Landsman, who lives in New Jersey, subsequently tried to set up a date with Feterman. Her son has a store, Taste Wine Co., on Third Ave. in the East Village, and she figured she could also visit her friend when she came into the city to see him. But Feterman declined, after having earlier in the phone conversation mentioned she was embarrassed by her teeth.

Landsman and some of Feterman’s other Ramaz friends are now concerned that Feterman may have been buried in an unmarked mass grave in potter’s field on Hart Island.
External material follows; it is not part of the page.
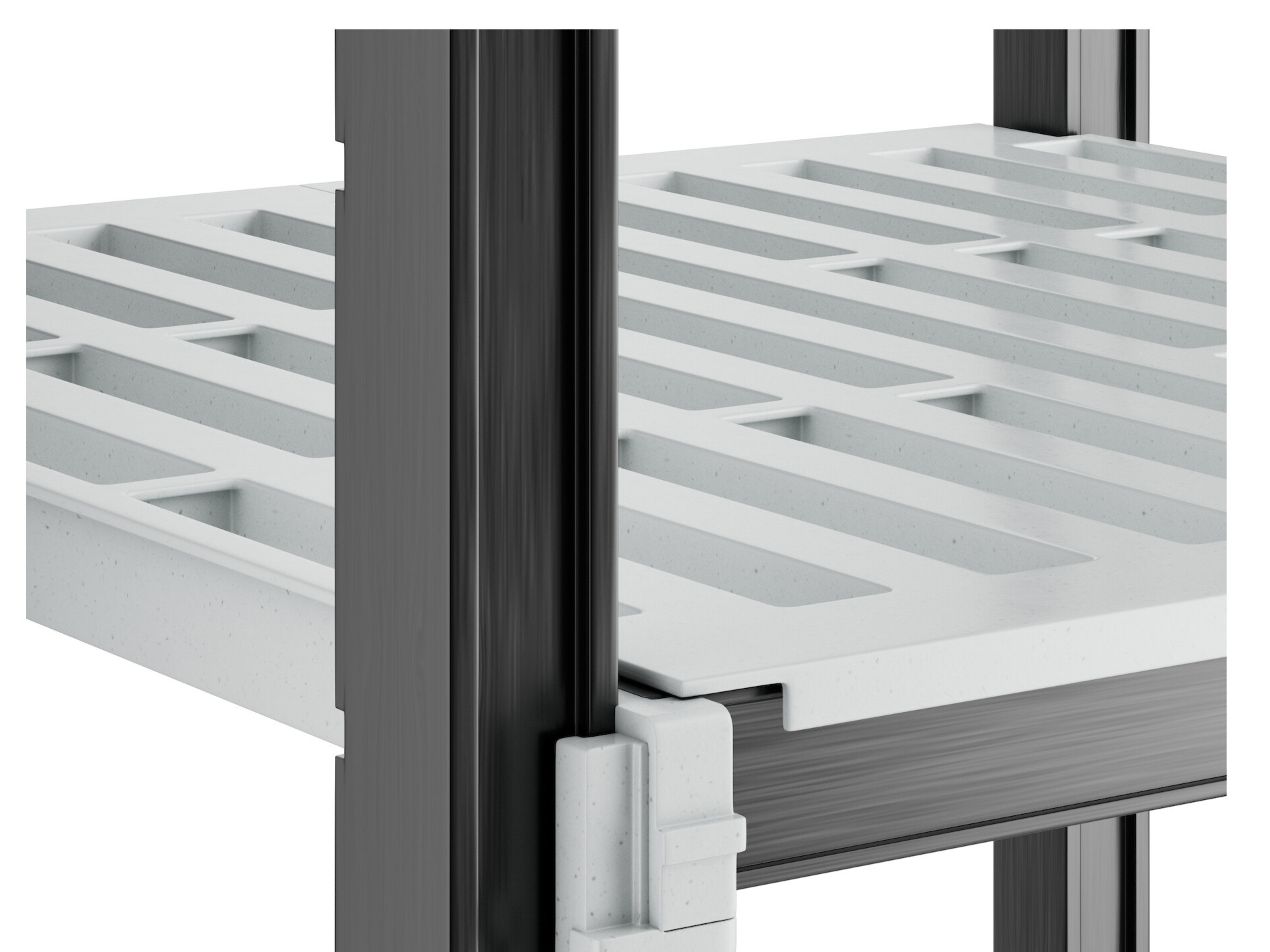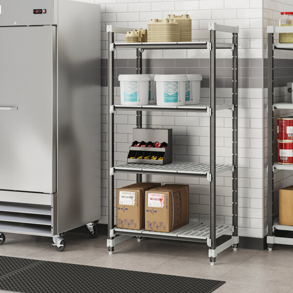 With vented shelves to provide optimum air flow and Camguard antimicrobial coating to keep stored items clean, this vented shelving system comes with all of the features you expect in a Camshelving® product. Equipped with 4 posts, pre-installed post connectors and wedges, 16 dovetails, 4 shelves, and 8 universal traverses, you'll have everything you need to start building this versatile and efficient shelving system right out of the box. Plus, this kit boasts a 50% decrease in the number of pieces compared to its former Elements standard kit counterpart, and no weight capacity is lost with kits that are attached to add-on kits.

Although officials did know Feterman’s identity — apparently she had ID on her when she killed — it’s likely that no one came forward to claim her body.

“Several of us who went to school with her would like to have her reinterred in a Jewish cemetery to acknowledge her existence,” Landsman said. “There are a bunch of us who would contribute to the burial.”

One idea, she said, is for the Ramaz School or Feterman’s family to sue the driver who fatally struck her, and for the damages money then to be used to create a scholarship fund in Feterman’s name at her alma mater. That would be fitting, Landsman said, since Feterman was a scholarship student.

A spokesperson for the New York City Office of the Chief Medical Examiner did not respond to a request for information on where Susan Feterman was buried.

2 Comments

  1. Linda Haftel Taylor Linda Haftel Taylor June 22, 2020

    Thank you Lincoln, a very nice article.
    Linda

  2. Anthony Anthony June 22, 2020

    In case you can’t locate dear Susan, she is in good company and sacred ground on Hart’s Island. I always planed to be cremated, but when I heard of the mass burials at Hart, I took the bus to City Island and got as close as I could. Meditated upon its shore across the channel. I though, that’s where I want to be…with this great unnamed humanity. Not that they are there, but an overwhelming sense of solidarity was felt. It’s a blessed place for all people, no matter religion. It’s been made sacred by such souls as Susan. All the best. Ride on Susan.